**ASSIGNMENT**: Locate the line that contains "Wheibi, geboren in" in the data that follows. Copy it and every subsequent line to the end, exactly, excluding pictures.

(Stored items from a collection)
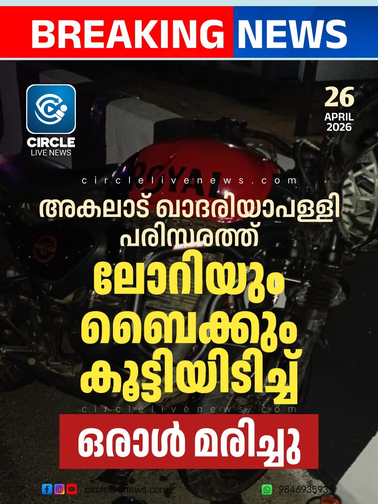 FEATURED അകലാട് ഖാദരിയാപള്ളി പരിസരത്ത് ലോറിയും ബൈക്കും കൂട്ടിയിടിച്ച് ഒരാൾ മരിച്ചു By circlelivenews April 26, 2026 - 5:37 AM 0 1 Share FacebookTwitterPinterestWhatsApp ചാവക്കാട്: അകലാട് ഖാദരിയാപള്ളി പരിസരത്ത് ലോറിയും ബൈക്കും കൂട്ടിയിടിച്ച് ഒരാൾ മരിച്ചു. വയനാട് സുൽത്താൻബത്തേരി സ്വദേശിയാണ് മരിച്ചതെന്നാണ് വിവരം. Update……… Tagsചാവക്കാട്തൃശൂർ Share FacebookTwitterPinterestWhatsApp Previous articleഗുരുവായൂരിൽ ആശങ്ക പരത്താൻ ശ്രമം; വസ്തുതാ വിരുദ്ധമായ റിപ്പോർട്ടുകൾ നൽകുന്ന മാധ്യമങ്ങൾക്കെതിരെ നിയമ നടപടി: ഗുരുവായൂർ ദേവസ്വം ചെയർമാൻ circlelivenewshttp://Circlelivenews.com RELATED ARTICLES FEATURED ഗുരുവായൂരിൽ ആശങ്ക പരത്താൻ ശ്രമം; വസ്തുതാ വിരുദ്ധമായ റിപ്പോർട്ടുകൾ നൽകുന്ന മാധ്യമങ്ങൾക്കെതിരെ നിയമ നടപടി: ഗുരുവായൂർ ദേവസ്വം ചെയർമാൻ April 25, 2026 - 1:16 PM FEATURED മാഞ്ചസ്റ്റർ സാൽഫോഡ് യൂണിവേഴ്സിറ്റിയിൽ നിന്നും കെമിസ്ട്രിയിൽ ഡോക്ടറേറ്റ്; ചാവക്കാടിന് അഭിമാനമായി മുബീന അഷ്കർ ബാബു April 25, 2026 - 10:53 AM FEATURED കടപ്പുറം മുനക്കകടവ് അഴിമുഖത്ത് യുവതിക്ക് പാമ്പ് കടിയേറ്റു April 25, 2026 - 9:54 AM - Advertisment - Most Popular ഗുരുവായൂരിൽ ആശങ്ക പരത്താൻ ശ്രമം; വസ്തുതാ വിരുദ്ധമായ റിപ്പോർട്ടുകൾ നൽകുന്ന മാധ്യമങ്ങൾക്കെതിരെ നിയമ നടപടി: ഗുരുവായൂർ ദേവസ്വം ചെയർമാൻ April 25, 2026 - 1:16 PM മാഞ്ചസ്റ്റർ സാൽഫോഡ് യൂണിവേഴ്സിറ്റിയിൽ നിന്നും കെമിസ്ട്രിയിൽ ഡോക്ടറേറ്റ്; ചാവക്കാടിന് അഭിമാനമായി മുബീന അഷ്കർ ബാബു April 25, 2026 - 10:53 AM കടപ്പുറം മുനക്കകടവ് അഴിമുഖത്ത് യുവതിക്ക് പാമ്പ് കടിയേറ്റു April 25, 2026 - 9:54 AM കൊടുംചൂട്: അങ്കണവാടി കുട്ടികള്ക്ക് ഒരാഴ്ച അവധി; തൃശൂർ ജില്ലയിൽ മുഴുവൻ വിദ്യാഭ്യാസ സ്ഥാപനങ്ങൾക്കും അവധി April 24, 2026 - 12:53 AM Load more Recent Comments
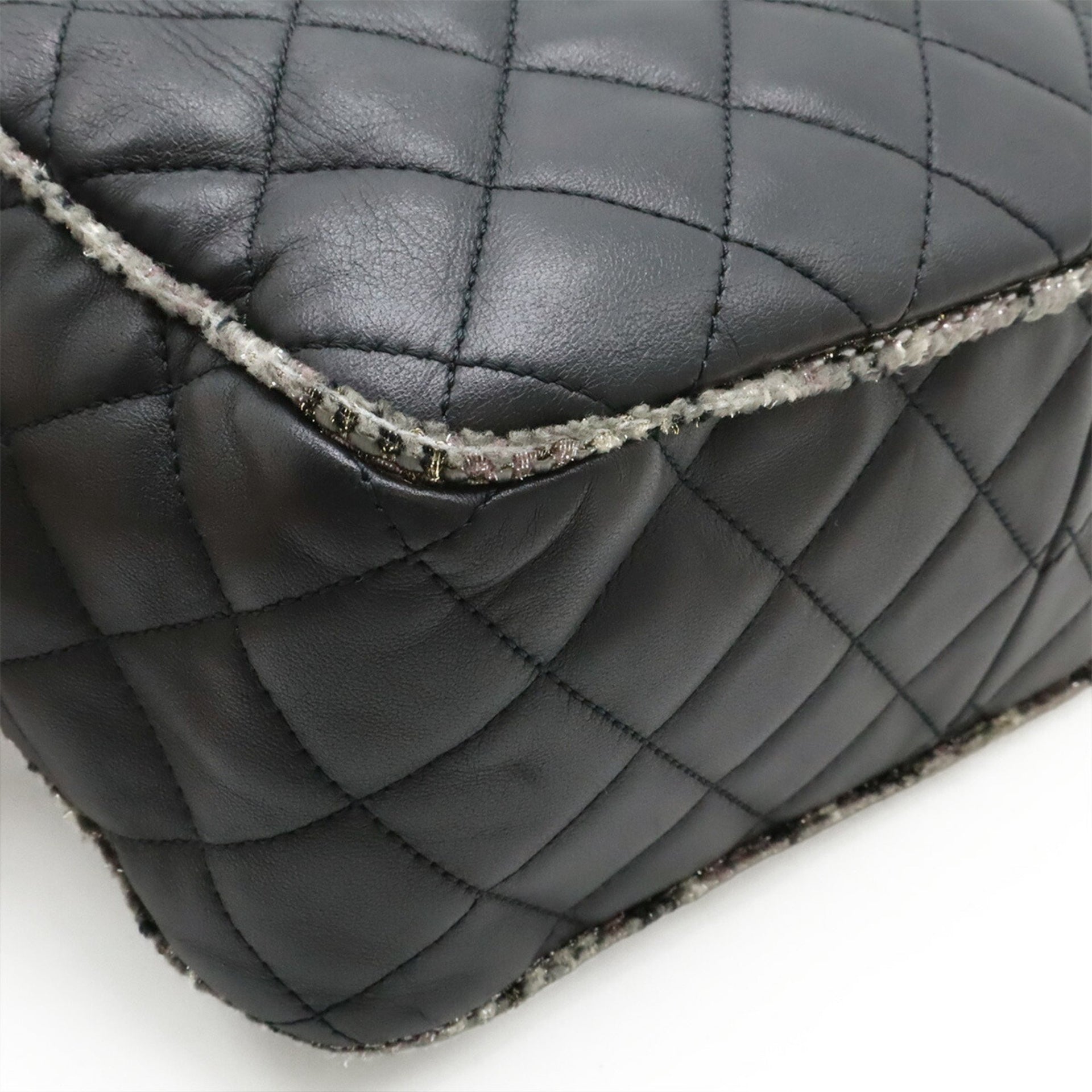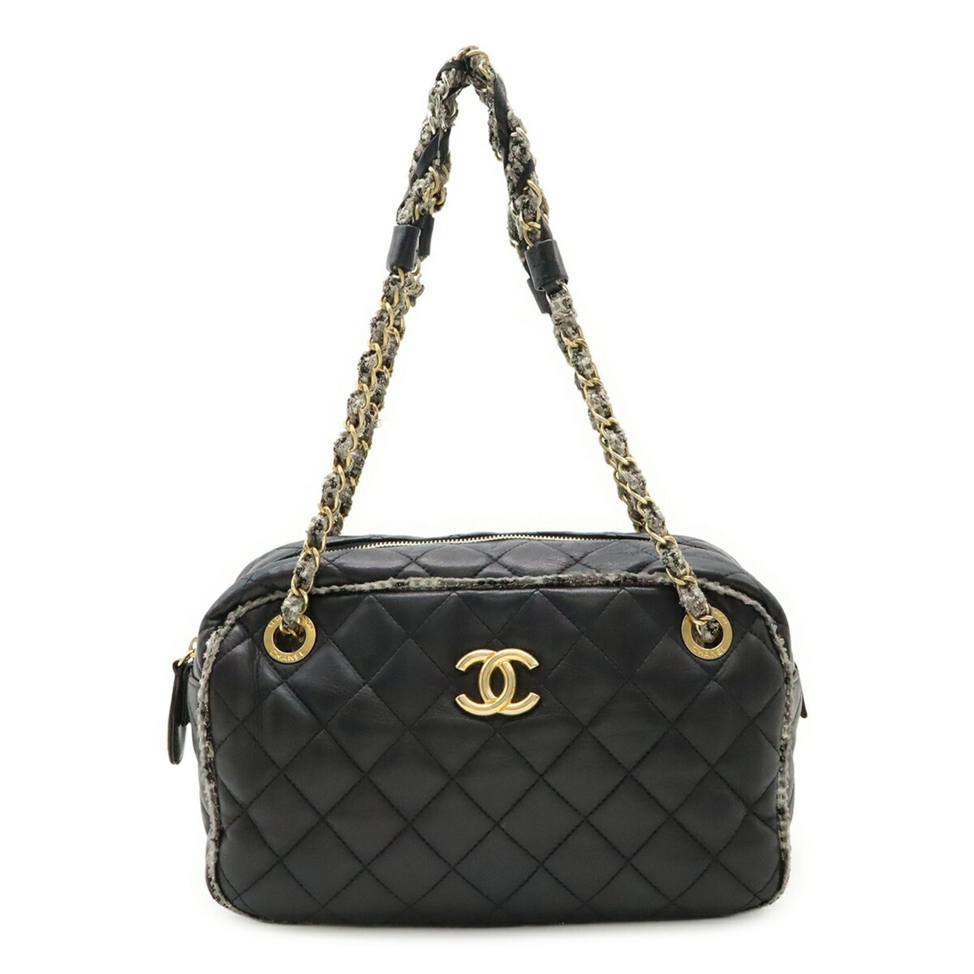 CHANEL Matelasse Coco Mark Shoulder Bag, Chain Lambskin Tweed, Black
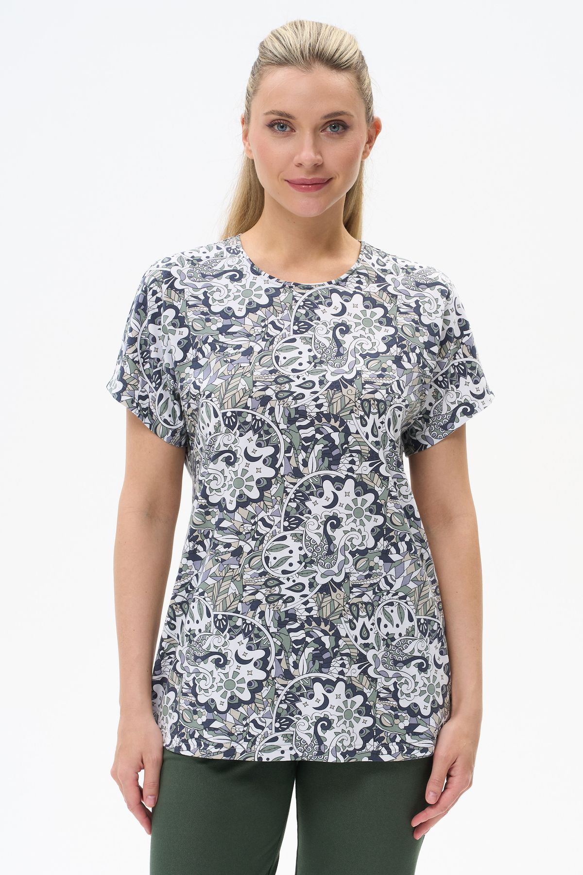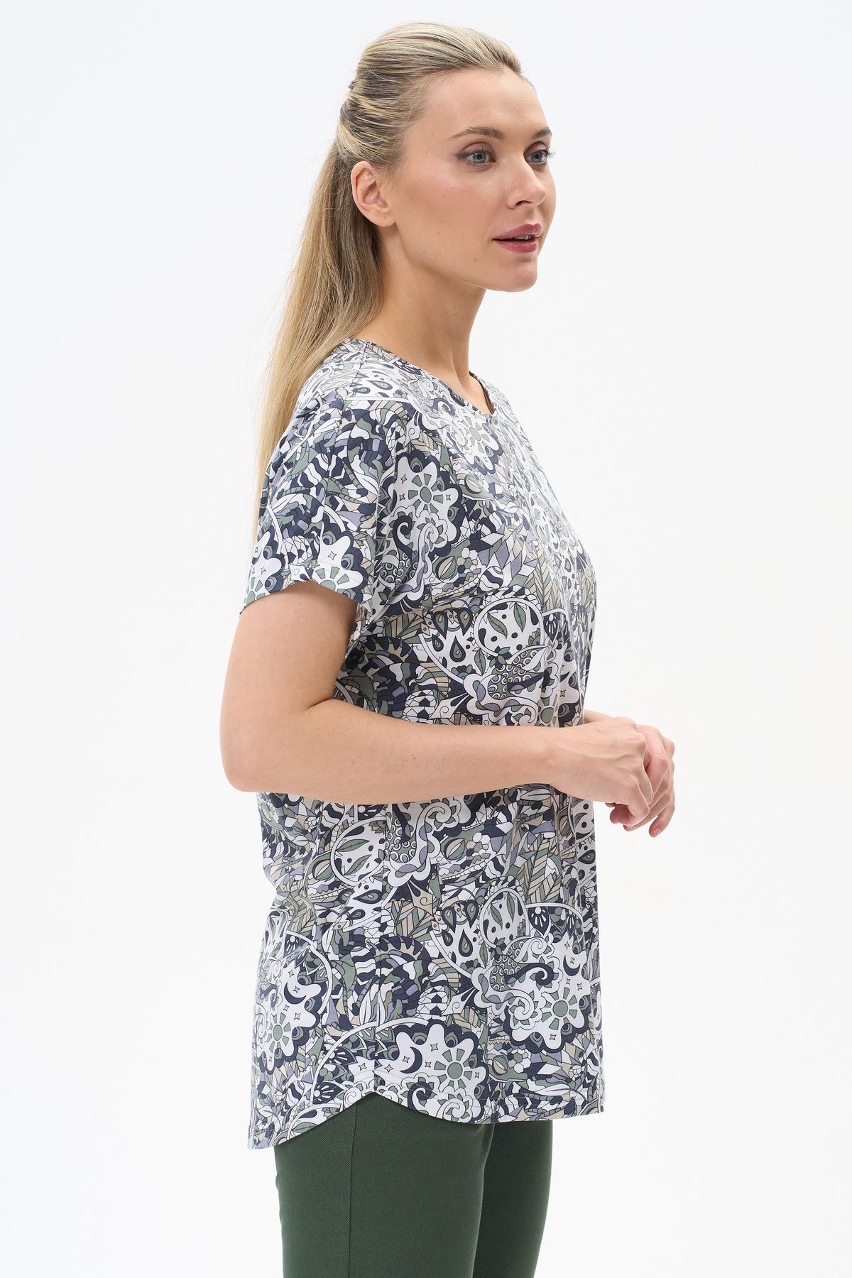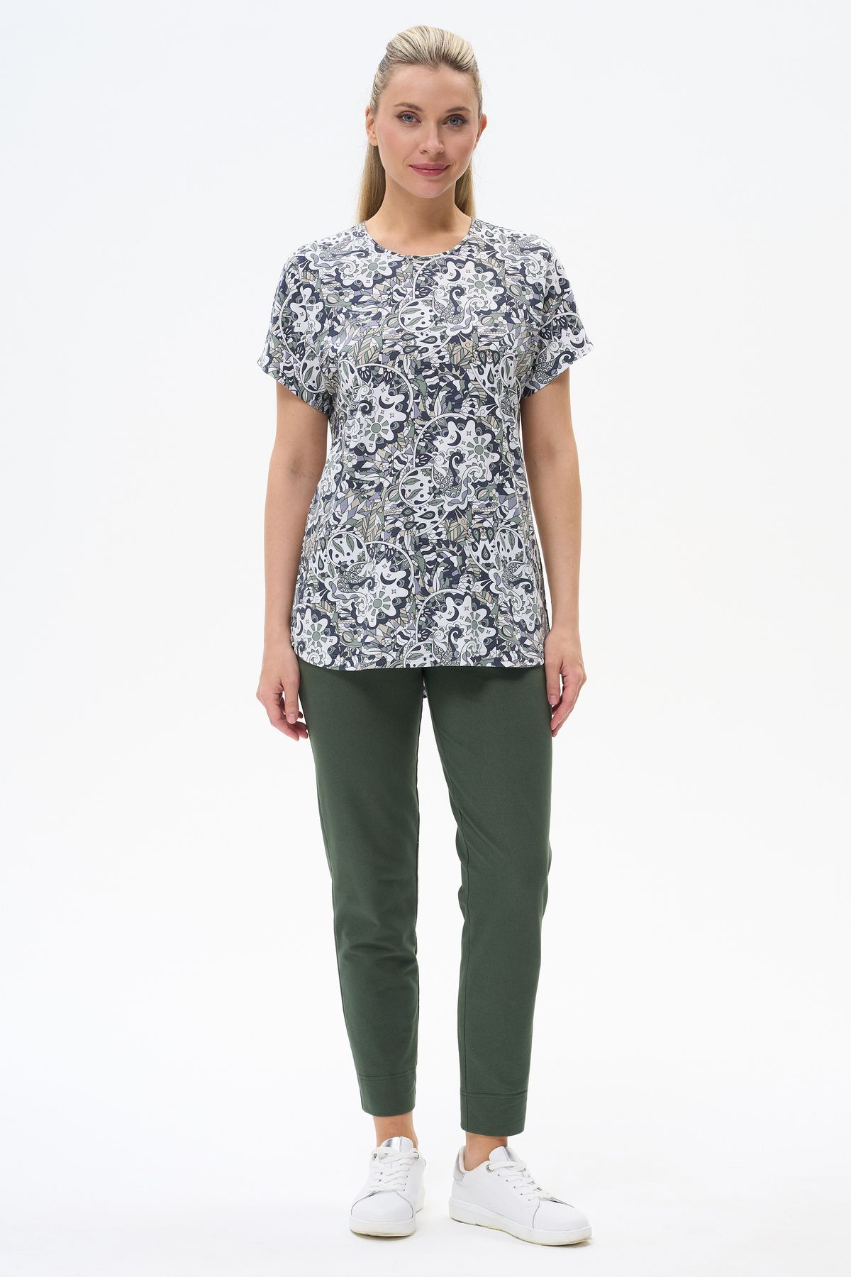 Описание: Футболка из хлопкового полотна. Круглый вырез горловины, оформлен отделочным кантом. Цельнокроенные короткие рукава, фигурная линия низа. Рост модели на фото 177см.
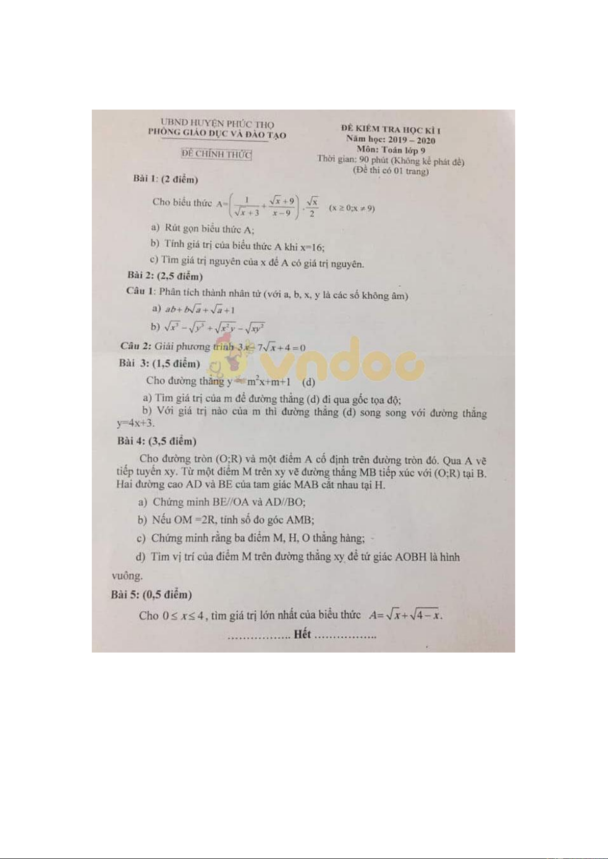 Đề thi học kì 1 lớp 9 môn Toán Phòng GD&ĐT huyện Phúc Thọ năm học 2019 - 2020
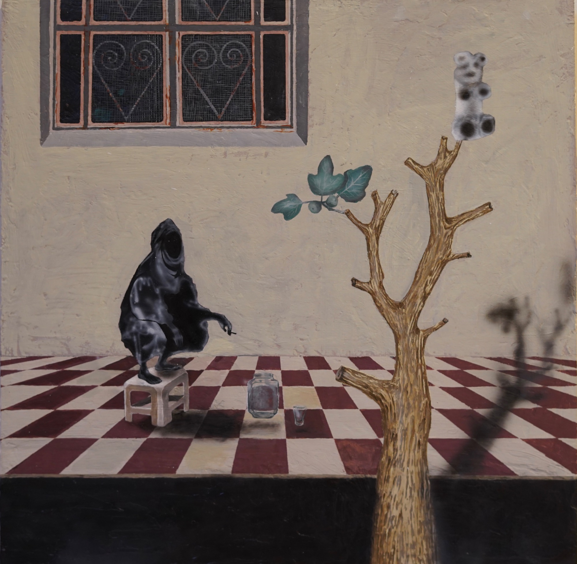Wheibi, geboren in Damaskus, lebt und arbeitet in zwischen Heidelberg und Basel, hat Schauspiel an der Theaterakademie Mannheim studiert. Ihre künstlerische Praxis bewegt sich zwischen Theater, Malerei und Performance und verbindet visuelle, emotionale und körperliche Ausdrucksformen.
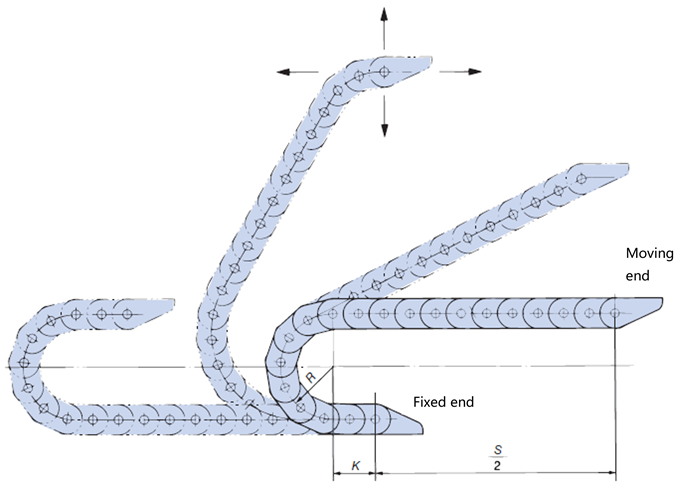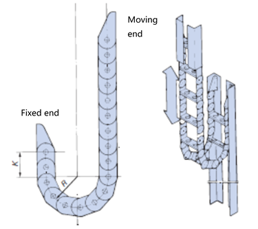 | Características | -Este es un método de instalación en el que la unidad se utiliza en posición vertical. - La masa del cable/manguera se concentra en el vértice del radio de curvatura, por lo que no es adecuado para longitud de recorrido largo. |

**SOLUTION TO THE PROBLEM**:
Wheibi, geboren in Damaskus, lebt und arbeitet in zwischen Heidelberg und Basel, hat Schauspiel an der Theaterakademie Mannheim studiert. Ihre künstlerische Praxis bewegt sich zwischen Theater, Malerei und Performance und verbindet visuelle, emotionale und körperliche Ausdrucksformen.
 | Características | -Este es un método de instalación en el que la unidad se utiliza en posición vertical. - La masa del cable/manguera se concentra en el vértice del radio de curvatura, por lo que no es adecuado para longitud de recorrido largo. |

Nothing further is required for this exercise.